9. Il ne résulte pas de l'instruction, malgré une demande de régularisation adressée par le greffe du tribunal le 18 février 2025, que M. C ait saisi l'Etat d'une demande d'indemnisation d'un préjudice. Par suite, en l'absence de réclamation préalable de nature à lier le contentieux, les conclusions indemnitaires présentées par M. C sont irrecevables et doivent donc être rejetées.

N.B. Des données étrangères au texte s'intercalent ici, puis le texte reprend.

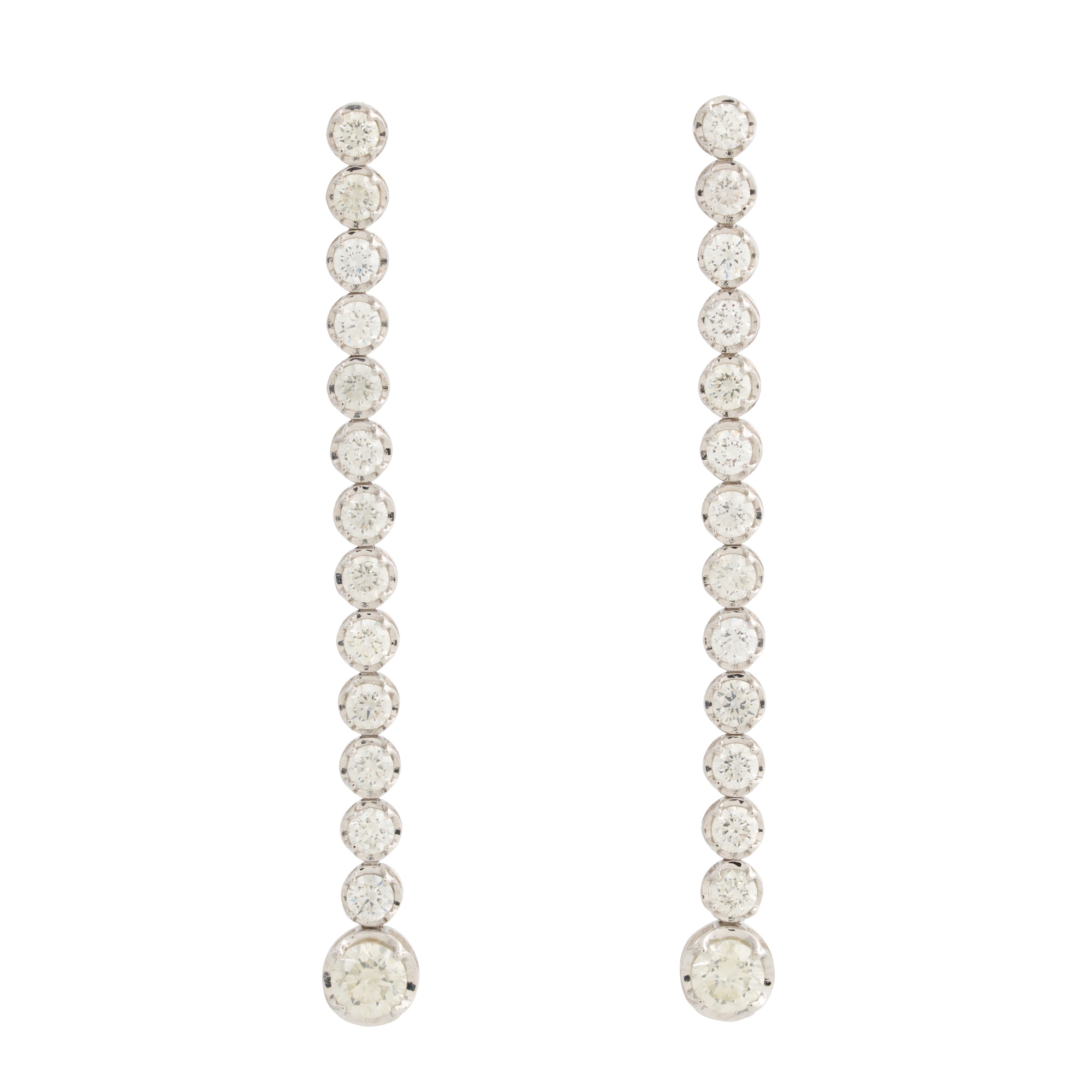 Each earring modelled as a line of claw-set round brilliant-cut diamonds, the diamonds together weighing approximately 2.80 carats, to post and butterfly fittings, length 55mm, gross weight approximately 3.15 grams.

Sur les frais liés au litige :

10. Dans les circonstances de l'espèce, il n'y pas lieu de faire droit aux conclusions présentées sur le fondement des dispositions de l'article L. 761-1 du code de justice administrative par M. C, qui n'est pas représenté par un avocat et n'allègue par avoir exposé de frais particuliers.

D E C I D E :

Article 1er : La décision du 28 avril 2022 du principal du collège Jules Romains est annulée.

Article 2 : Le surplus des conclusions de la requête de M. C est rejeté.

Article 3 : Le présent jugement sera notifié à M. D C et à la ministre d'Etat, ministre de l'éducation nationale, de l'enseignement supérieur et de la recherche.

Copie en sera adressée à la rectrice de l'académie de Nice.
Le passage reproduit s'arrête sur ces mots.